It’s exhilaration I feel as I stand at the Edge of the World, my hair whipped into a crazy wind-dance as I gaze out upon the endless sea.

I’m at Arthur River in North West Tasmania, and the wind is (quite literally) taking my breath away. I peer at the plaque in front of me, its words dulled and stained by time and rough weather. I can just make out the poem celebrating this place, written by tourism pioneer Brian Inder (creator of Tasmazia, who died in 2019):

I cast my pebble onto the shore of Eternity

To be washed by the Ocean of Time. It has shape, form and substance. It is me.

One day I will be no more

But my pebble will remain here

On the shore of Eternity

Mute witness for the aeons

That today I came and stood

At the edge of the world.

I pick up my own pebble and cast it, as it seems appropriate. I had made my way to the lookout here from the little settlement at the mouth of Arthur River initially over a rough beach/bush track I’d stumbled upon, hoping (directionally-challenged as I am) that I was walking the right way to this rocky headland at Gardiner Point. It was only when I finally emerged onto the official road that took me the rest of the way that I discovered a sign, advising that my track “shortcut” was for “PWS Management use only”. Oops, sorry Parks and Wildlife Service.

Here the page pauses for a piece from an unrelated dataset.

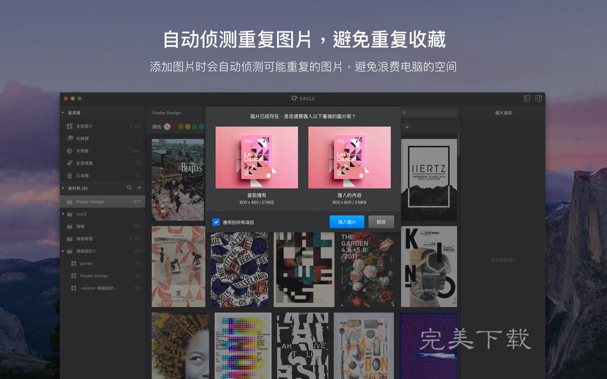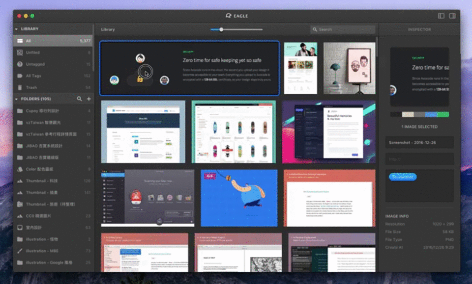 对于设计师或收图达人来说,整理电脑上收集的图片素材是他们必须做的事,但是这项工作不见得是轻松的,时间一长,电脑上收藏的图片越来越多,想用的时候都不知道放在哪儿了。如日常工作中因为某个项目所收集的图片,或是平时逛设计网站所保存的图,又或者是平常收集的一些源文件,管理起这些素材总是让人头疼,有了 Eagle 这款软件,就能轻松解决这个问题。  Eagle 是一款支持 Mac 和 Windows 系统的电脑图片素材收藏和管理工具,该软件可以帮助用户轻松整理设计作品. 屏幕截图. 海报. 网页设计. 图标等各种形6. 从未奢想荣华富贵,能和爱我的人和我爱的人静静走过生命中所有的春夏秋冬,就是我唯一的、最大的奢侈。式的图片,为用户的图片管理工作提供便利。 Eagle 图片管理工具能满足以下需求 1. 高效收藏:提供各种高效的收藏方式,迅速收藏看见的灵感。 2. 高效整理:迅速完成图片分类与整理的任务。 3. 容易查找:不需花费大量时间就能找到收藏的素材。 4. 同步与团队协同:与团队队员共享. 协同,个人使用可以在多台装置上同步。 5. 顺手的操作体验:产品如果做的不顺手,即使拥有在多强大功能都是不合格的。 好的素材管理软件应当可以方便快速地保存并有效地整理图片,可以让设计师快捷地检索到所需的素材,同时也可以方便团队之间进行分享。 Eagle 软件的功能介绍 1. 收藏功能 单一图片收藏 收藏网页的图片很麻烦?现在你有一个更好的方式。安装浏览器插件,只要在想要收藏的图片点击右键并点击收藏, Eagle 就会自动帮你下载起来。  批次图片收藏 网站里面有好多想要收藏的图片怎么办?快试试看 Eagle 提供的批次图片收藏的功能,只需要一个点击,所有的图片就储存到你的收藏夹里!  内容区域截图 你可以使用功能选单中的「区域截图」来启动截图功能迅速的将灵感收藏下来,而且网页的资讯也会自动帮你存下来哩! 网页整页截图 传统网页截图一次只能截取一张,而且还要自己决定截图的宽度,实在非常麻烦,如果想要一次收藏各种萤幕尺寸的截图就得要操作很多次才能完成。 Eagle 在网页截图功能上做了很棒的创新,你只需要一个点击,网页的各种尺寸都会为你截图收藏下来!  所有使用浏览器插件收藏的图片, Eagle 都会自动为你儲存图片来源的网站以及网站的名称。 萤幕截图(点击下载截图软件) 灵感随时会出现在眼前,想要立刻收藏起来怎么处理?这时候你可以使用 Eagle 提供的荧幕截图功能捕捉眼前的看到的任何灵感,并快地进行整理与分类,所有的截图 Eagle 都会自动帮你自动标注一个截图标签,透过这个标签,我们可以在未来找到所有荧幕截图的图片收藏。  2. 管理功能 当素材被我们收藏下来后,如何有效地整理这些素材就变得非常重要,在整理素材这个部分, Eagle 也提供许多实用的功能,可以让整理变得更轻松,分别有“资料夹”、 “标签”、 “自动输入标签”、 “批次分类”、 “批次重新命名”、 “防止重复收藏”等功能。 自动标注标签 时常使用标签功能的朋友应该会发现一个挺麻烦的问题,那就是常常需要输入已经输入过的标签,非常浪费时间!现在你可以不需要这样啦!在 Eagle 中,你可以为特定的文件夹设置自动输入标签,未来任何被添加到这个文件夹的灵感都会自动贴上文件夹特定标签!  在图片上标注想法 所有收藏下来的图片,你都可以在上方框选并标注想要补充的想法,不管未来哪一天查看,你都可以快速了解当初觉得很不错的地方在哪,团队使用时,也可以知道每个成员收藏当下的理由与想法。另外,图片标注内容与图片本身是分开独立的,也就表示你可以随时更改或移除标注,都不会影响图片本身。  防止重复收藏的提示 为了避免用户重复收藏了同样的灵感, Eagle 提供了相当强大的判断功能,可以在添加内容的时候迅速计算是否有相似同样的内容,也许是同一張圖片的不同尺寸. 格式, 这些都可以判斷出來,而且这个过程丝毫不会让你感觉到延迟或停顿。  以上是关于 Eagle 图片管理工具的简单功能介绍,还有其他特色功能等待用户体验。总的来说, Eagle 是一款非常用心去打磨开发的图片素材管理应用,功能丰富且易用,支持Win+Mac以及多种同步网盘兼容,对于有跨平台使用需求或团队共享使用的朋友来说非常重要! Eagle 并不是一款免费软件,但在各种细节与贴心功能看来还是值得的,大家可以免费试用 30天。 Eagle——简单直接、强大高效的图片收藏整理利器由车水马龙此枪林弹雨及彼真诚是美酒,年份越久越醇香浓烈;真诚是焰火,在高处绽放才愈显美丽;真诚是鲜花,送之于人,手有余香。最后但同样重要的是,我们日常生活中应该充分利用水。395.红军不怕远征难,万水千山只等闲。《七律?长征》 九 日行路难,行路难!多歧路,今安在?图片管理,截图,Eagle,图片收藏To reverse (check / control) the trend (tendency) is not a light task (an easy job), and it requires (demands / involves / entails) a different state of main towards (attitude towards / outlook on)… |

The proper way to get here is via the road from the Arthur River settlement, crossing the bridge and taking the second street past that to Gardiner Point. There is a well-made boardwalk to the viewing platform, and even toilet facilities for tourists in the carpark. This special place is within the Arthur-Pieman Conservation Area, which stretches from Arthur River in the north to the Pieman River in the south, and is part of the larger takayna/ Tarkine wilderness.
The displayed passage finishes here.